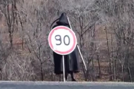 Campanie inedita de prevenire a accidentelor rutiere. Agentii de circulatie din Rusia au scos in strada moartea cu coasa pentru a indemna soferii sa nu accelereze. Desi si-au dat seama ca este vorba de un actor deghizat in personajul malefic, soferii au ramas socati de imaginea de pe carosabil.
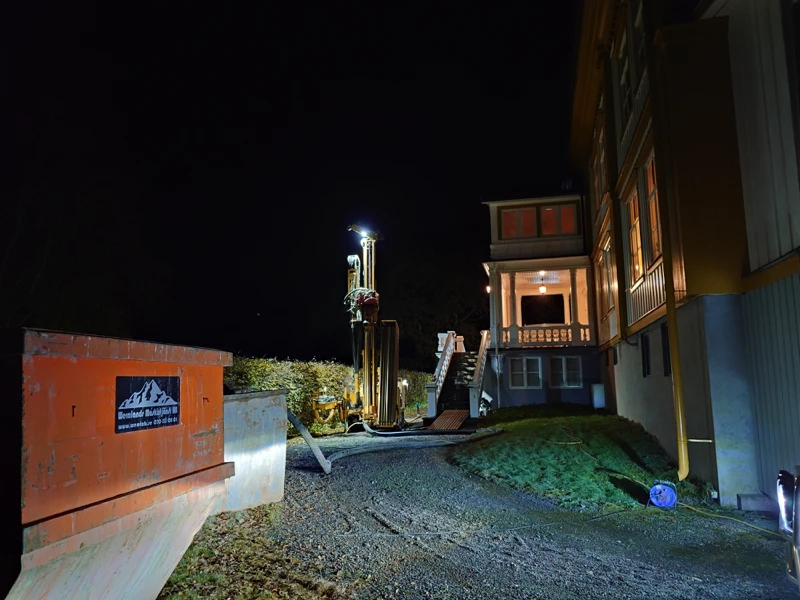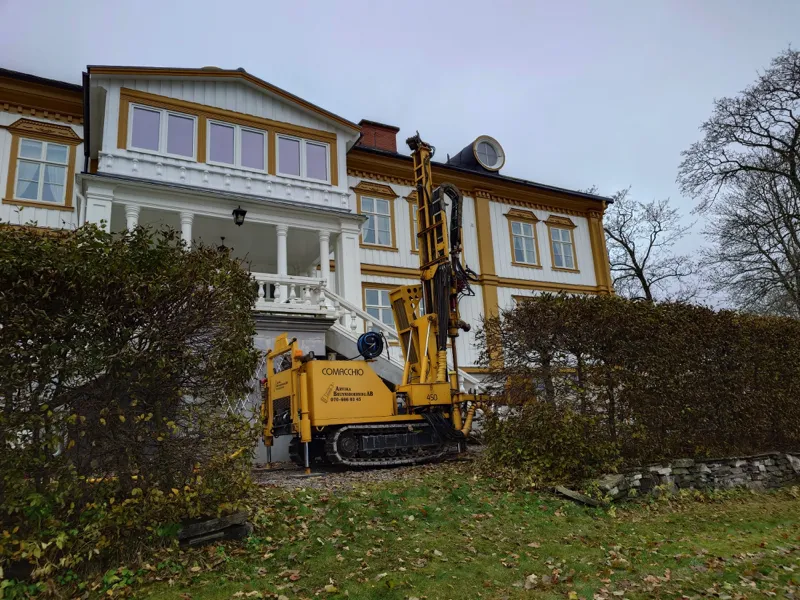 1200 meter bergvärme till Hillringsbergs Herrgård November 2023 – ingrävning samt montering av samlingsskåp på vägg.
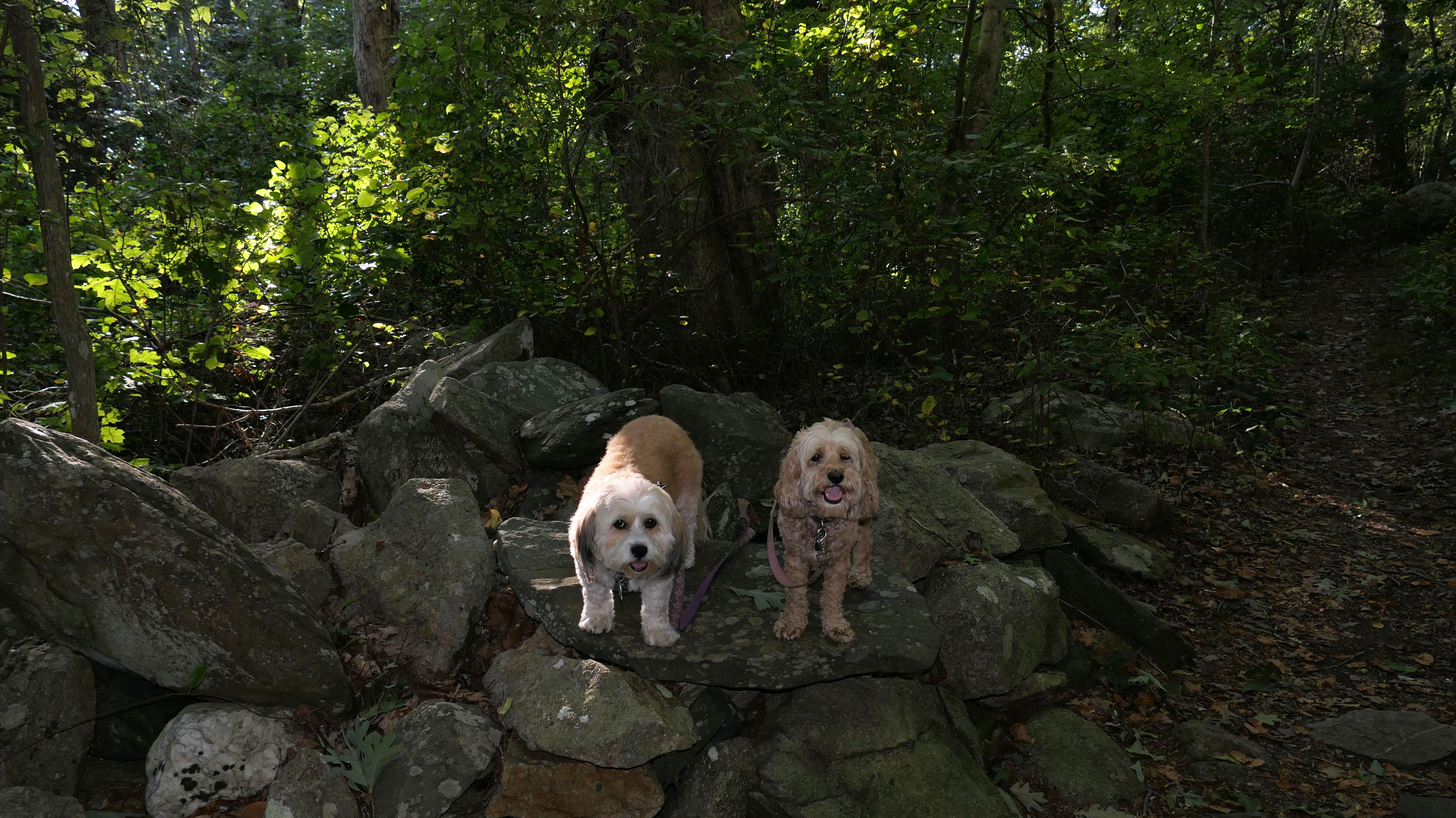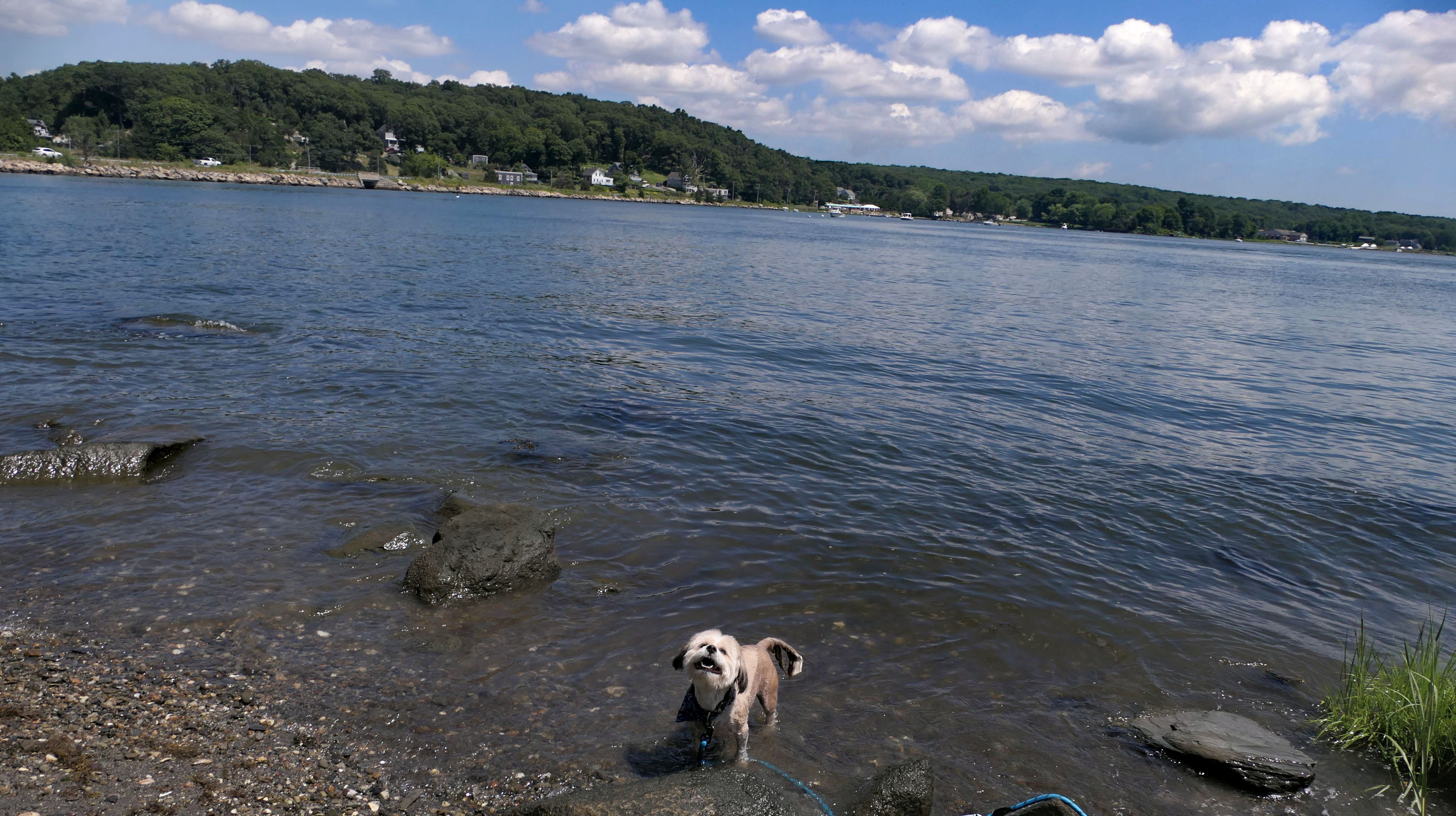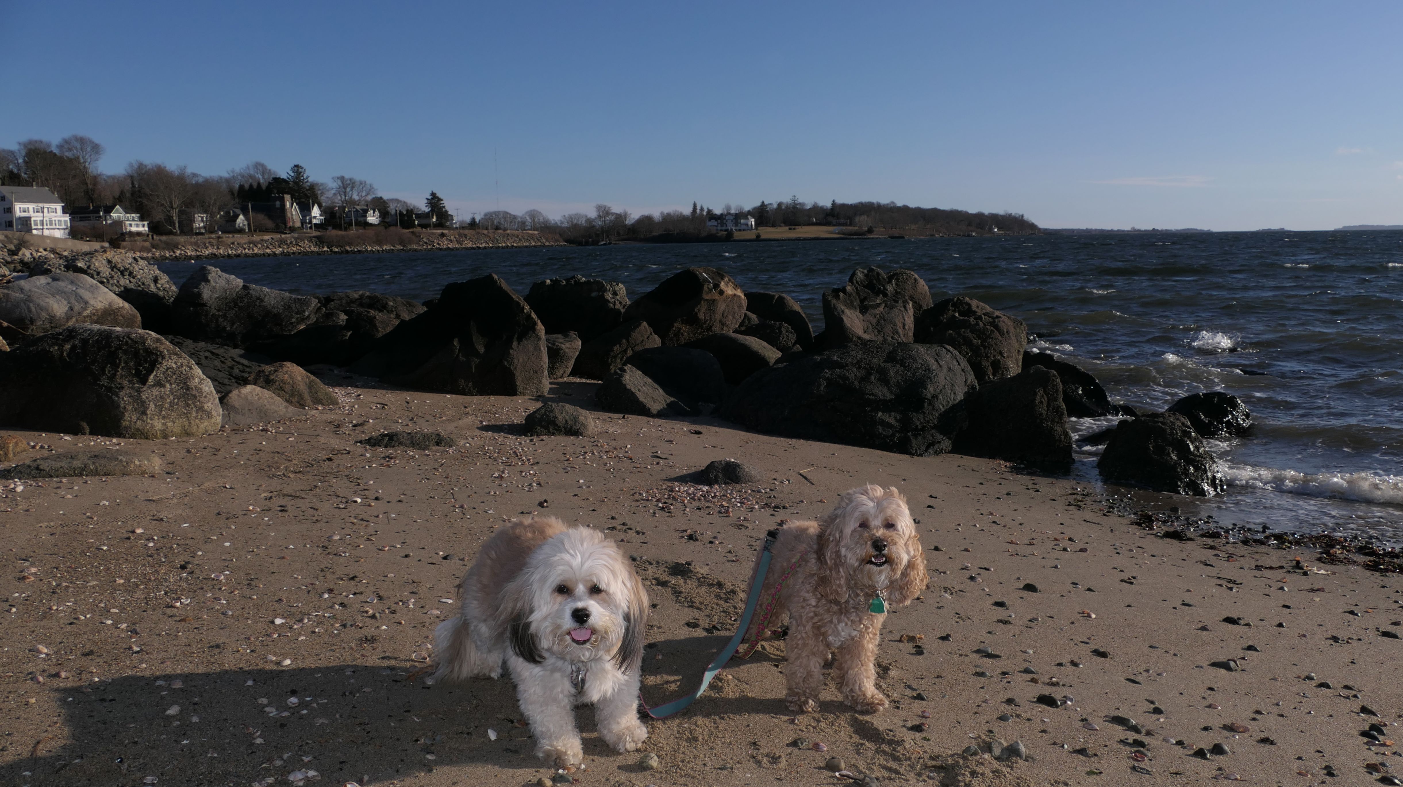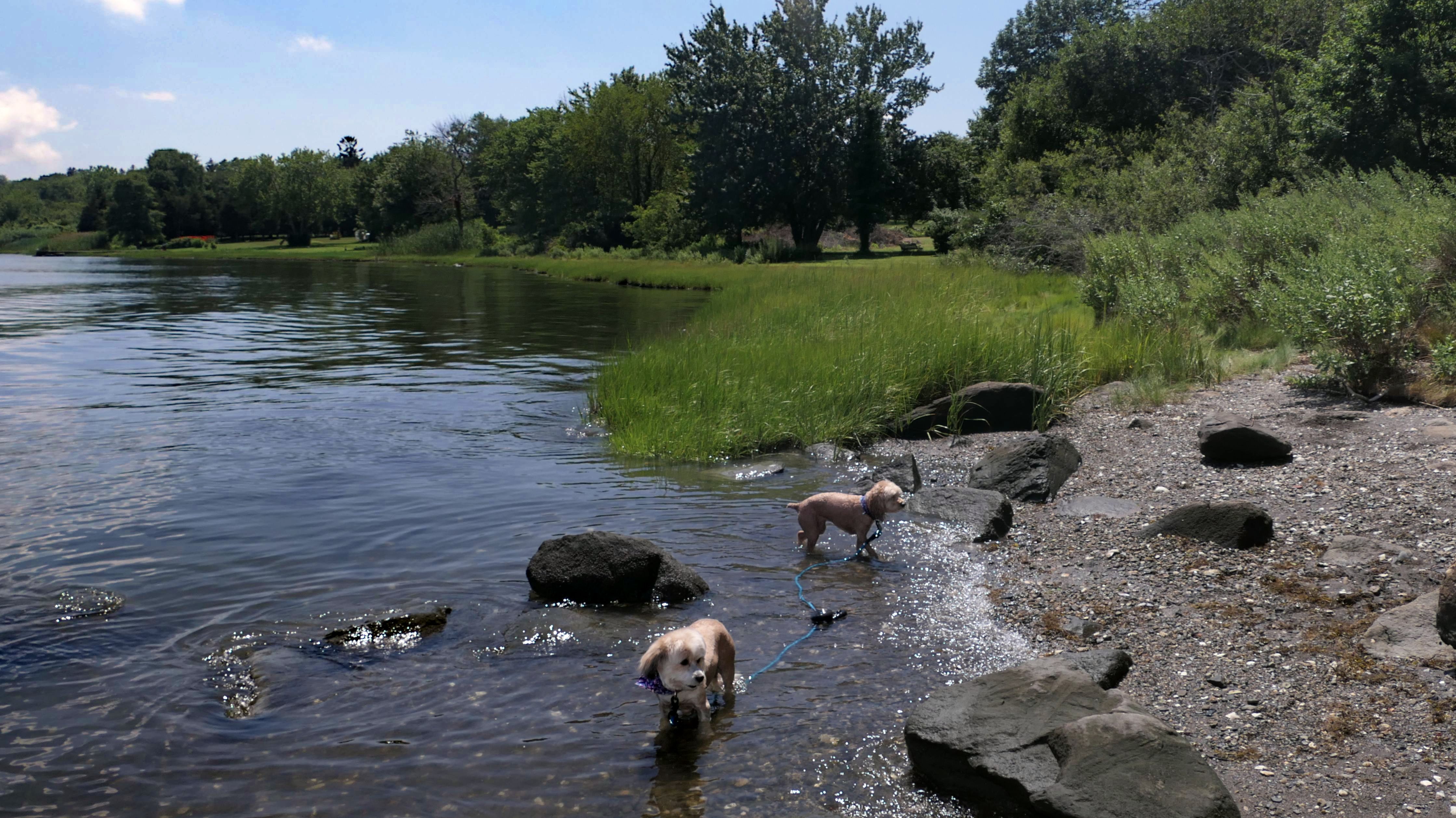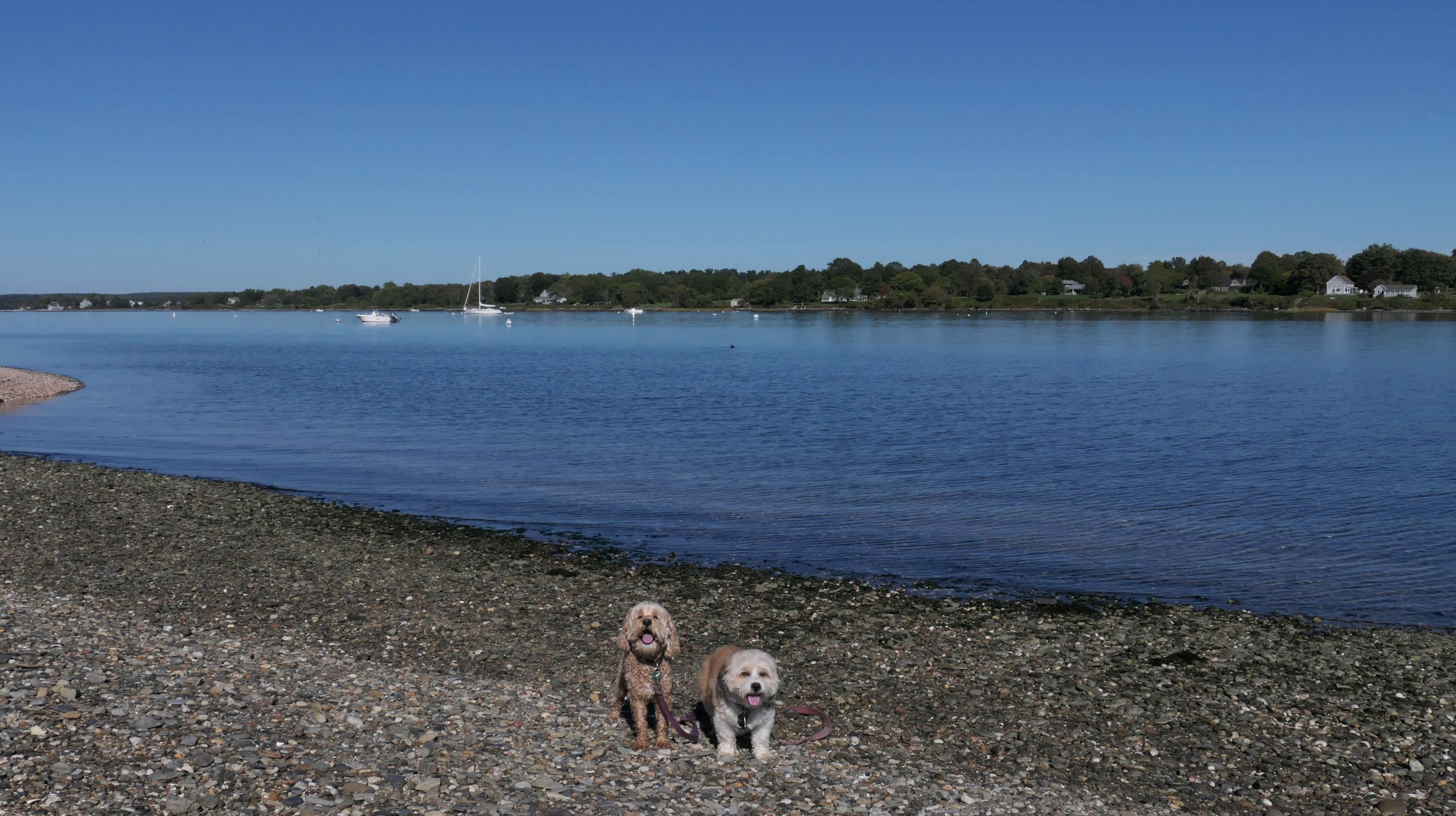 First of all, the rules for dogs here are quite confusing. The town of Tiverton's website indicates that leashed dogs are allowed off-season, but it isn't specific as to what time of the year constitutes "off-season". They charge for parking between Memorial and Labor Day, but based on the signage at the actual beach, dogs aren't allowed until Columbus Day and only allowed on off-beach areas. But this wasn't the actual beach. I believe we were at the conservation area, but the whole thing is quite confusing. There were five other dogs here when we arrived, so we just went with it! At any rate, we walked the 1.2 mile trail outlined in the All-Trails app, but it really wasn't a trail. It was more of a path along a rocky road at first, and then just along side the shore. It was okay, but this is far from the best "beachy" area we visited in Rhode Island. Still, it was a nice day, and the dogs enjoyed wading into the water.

Brief
Copy back, word for word, every line between the top of the material above and the line that contains "1200 meter bergvärme", both included, without any pictures.

Response to this exercise
 Campanie inedita de prevenire a accidentelor rutiere. Agentii de circulatie din Rusia au scos in strada moartea cu coasa pentru a indemna soferii sa nu accelereze. Desi si-au dat seama ca este vorba de un actor deghizat in personajul malefic, soferii au ramas socati de imaginea de pe carosabil.
 1200 meter bergvärme till Hillringsbergs Herrgård November 2023 – ingrävning samt montering av samlingsskåp på vägg.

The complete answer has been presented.